- WHAT YOU SHOULD DO
In the records below, find the line with "七采雏菊春秋月子服纯棉孕妇睡衣秋冬季哺乳衣长袖套装孕妇装喂奶衣外出母婴用品 36809白色小猫 纯棉", then retype it and every following line exactly, stopping after the line with "1.上左图是海南省著名的景观". Leave the pictures out.

- RECORDS SUPPLIED
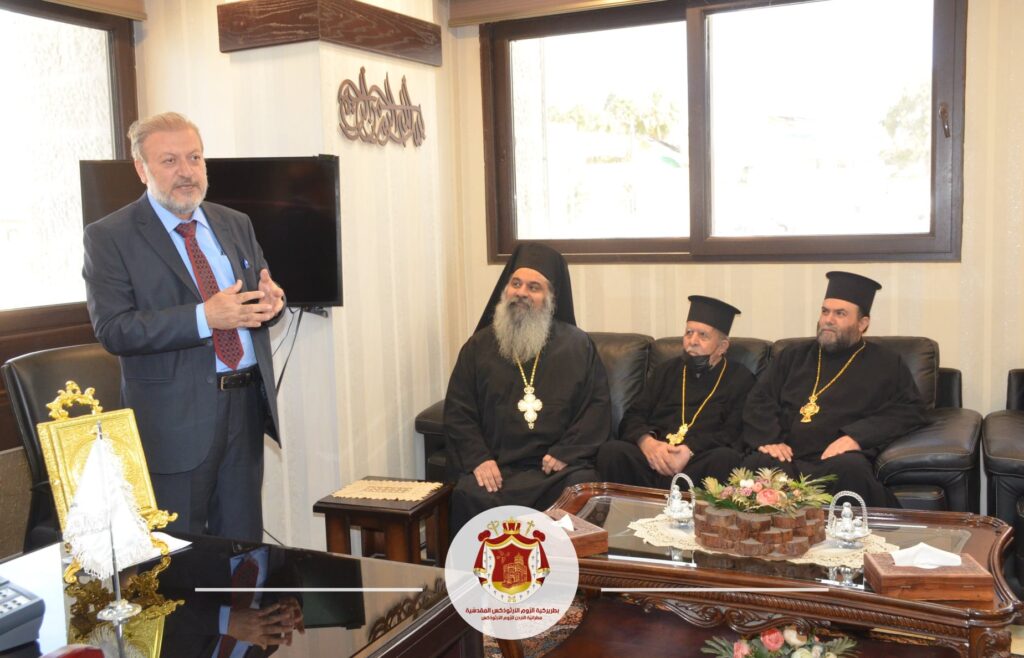 زارَ وفدٌ من كهنةِ ووجهاءِ لجانِ الرَّعيَّة الأرثوذكسيّةِ في إربد برئاسةِ قدسِ الأرشمندريت فينيذكتوس كيّال الوكيلِ البطريركيّ في شمالِ المملَكَة، اليومَ الثّلاثاء د. نبيل الكوفحي رَئيسَ بلديةِ إربد الكبرى في مكتبِهِ في مبنى البلديَّة، مُهنِّئينَ بمناسبةِ انتخابِهِ رئيسًا للبلديّةِ ا بحلولِ شهرِ رمضانَ الفضيل.
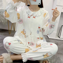 七采雏菊春秋月子服纯棉孕妇睡衣秋冬季哺乳衣长袖套装孕妇装喂奶衣外出母婴用品 36809白色小猫 纯棉 月子服套装 L码纯棉月子服睡衣套装可选,一衣多用,孕期,产后都可以穿,哺乳方便
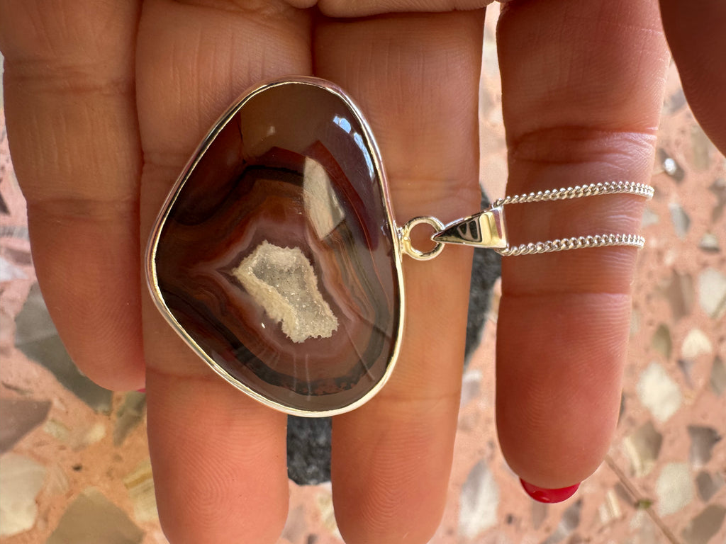 Old Stock Red Banded Druzy Agate set in 925 sterling silver with 24” adjustable chain
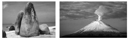 1.上左图是海南省著名的景观“南天一柱”照片,按地貌类型划分,该景观属于2.上右图是发生低强度喷发的墨西哥城东南的波波卡特佩特火山,组成该山体的岩石具有
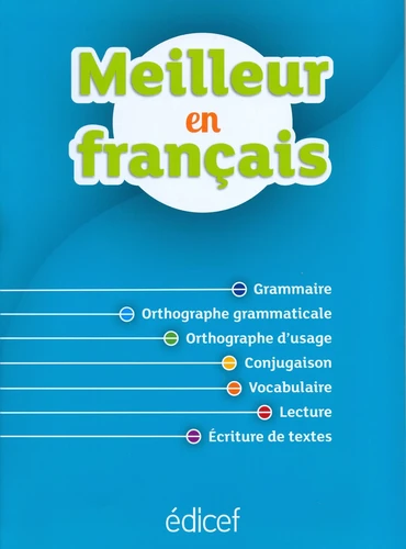 Un outil indispensable pour maîtriser et transmettre la langue française. Meilleur en français propose 94 fiches répertoriées par domaine : grammaire, orthographe grammaticale, orthographe d'usage, conjugaison, vocabulaire, lecture de textes et écriture de textes. Cet ouvrage s'adresse à tous ceux qui souhaitent renforcer leurs bases en français, pour eux-mêmes ou pour accompagner un élève, un enfant.
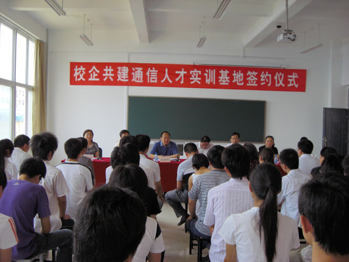 随后,校企双方领导共同签署了合作协议,并互授聘书。双方领导及代表合影后,王爱群院长和谢敬国副总经理为通信人才3G基站实训基地揭牌。
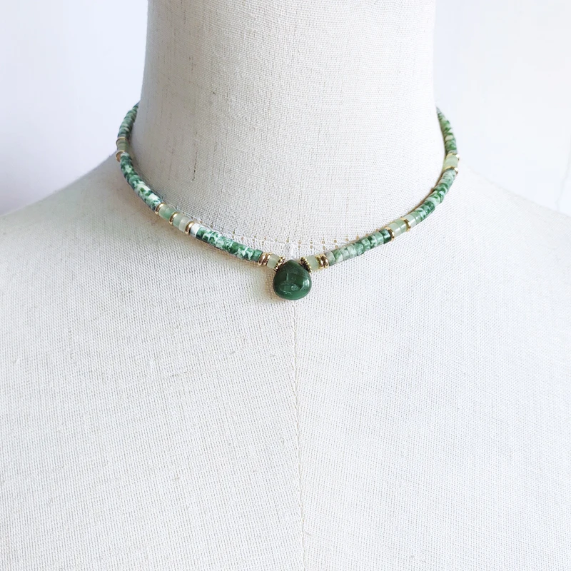 Boho Colorful Natural Stone Beaded Necklace New Winter 2022 Creative Design Dot Green Jade Flat Disc Round Stone Collar
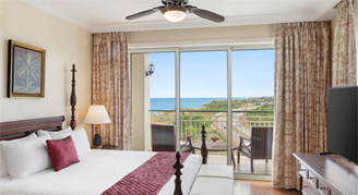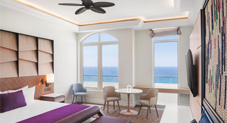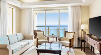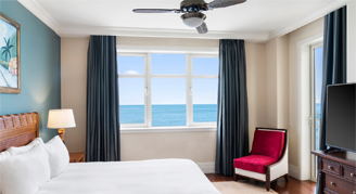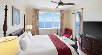 Suites feature an oceanfront view. Additional amenities include a mini-fridge stocked with beer, soda and water; a coffee/tea brewer with premium roast choices, a large flat screen with HDTV, an in-room safe, individual climate control and a large sitting area.
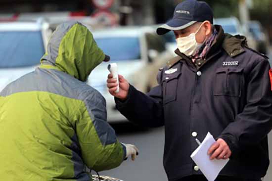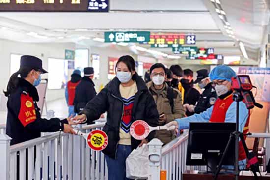 Le 2 février 2020, le flux des passagers de la gare de la ville de Changzhou dans le Jiangsu augmente. Une équipe de prévention coordonnée composée de policiers, d'agents de soins et de bénévoles communautaires prennent la température de chaque passager à la sortie de la gare, vérifient leur identité afin de contr?ler l'épidémie. (Chen Wei/Photo du people.com.cn)

- RESULT OF THE EXERCISE
 七采雏菊春秋月子服纯棉孕妇睡衣秋冬季哺乳衣长袖套装孕妇装喂奶衣外出母婴用品 36809白色小猫 纯棉 月子服套装 L码纯棉月子服睡衣套装可选,一衣多用,孕期,产后都可以穿,哺乳方便
 Old Stock Red Banded Druzy Agate set in 925 sterling silver with 24” adjustable chain
 1.上左图是海南省著名的景观“南天一柱”照片,按地貌类型划分,该景观属于2.上右图是发生低强度喷发的墨西哥城东南的波波卡特佩特火山,组成该山体的岩石具有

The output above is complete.